The compound Pd2(dba)3 is a source of Pd(0), which is the catalytically active source of palladium used for many reactions, including cross coupling reactions. Pd2(dba)3 was thought to be a homogeneous catalytic precursor, but recent articles suggest that palladium nanoparticles are formed, making it a heterogeneous catalytic precursor.
Much research on nanomaterial-based catalysts has to do with maximizing the effectiveness of the catalyst coating in fuel cells. Platinum is currently the most common catalyst for this application, however, it is expensive and rare, so a lot of research has been going into maximizing the catalytic properties of other metals by shrinking them to nanoparticles in the hope that someday they will be an efficient and economic alternative to platinum. Gold nanoparticles also exhibit catalytic properties, despite the fact that bulk gold is unreactive.
Fuel cells take advantage of the reaction between hydrogen and oxygen but catalysts are needed to facilitate this reaction. Nanomaterial catalysts can be used to improve energy production. In one experiment, yttrium stabilized zirconium nanoparticles were found to increase the efficiency and reliability of a solid oxide fuel cell. Nanomaterial ruthenium/platinum catalysts could potentially be used to catalyze the purification of hydrogen for hydrogen storage. Palladium nanoparticles can be functionalized with organometallic ligands to catalyze the oxidation of CO and NO to control air pollution in the environment. Carbon nanotube supported catalysts can be used as a cathode catalytic support for fuel cells and metal nanoparticles have been used to catalyze the growth of carbon nanotubes. Platinum-cobalt bimetallic nanoparticles combined with carbon nanotubes are promising candidates for direct methanol fuel cells since they produce a higher stable current electrode.
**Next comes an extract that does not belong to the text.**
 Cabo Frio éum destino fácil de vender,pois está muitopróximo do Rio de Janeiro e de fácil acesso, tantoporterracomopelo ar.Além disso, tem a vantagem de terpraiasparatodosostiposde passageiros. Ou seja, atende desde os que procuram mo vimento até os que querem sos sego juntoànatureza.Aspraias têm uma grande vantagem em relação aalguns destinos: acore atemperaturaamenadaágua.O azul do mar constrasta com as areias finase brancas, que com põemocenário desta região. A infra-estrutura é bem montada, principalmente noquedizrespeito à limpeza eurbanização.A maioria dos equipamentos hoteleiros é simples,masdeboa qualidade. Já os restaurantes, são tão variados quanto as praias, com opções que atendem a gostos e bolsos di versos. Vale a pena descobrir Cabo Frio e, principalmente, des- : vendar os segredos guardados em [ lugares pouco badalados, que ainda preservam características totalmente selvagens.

In magnetic chemistry, nanoparticles can be used for catalyst support for medicinal use.
Characterization of nanoparticles
Some techniques that can be used to characterize functionalized nanomaterial catalysts include X-ray photoelectron spectroscopy, transmission electron microscopy, circular dichroism spectroscopy, nuclear magnetic resonance spectroscopy, UV-visible spectroscopy and related experiments.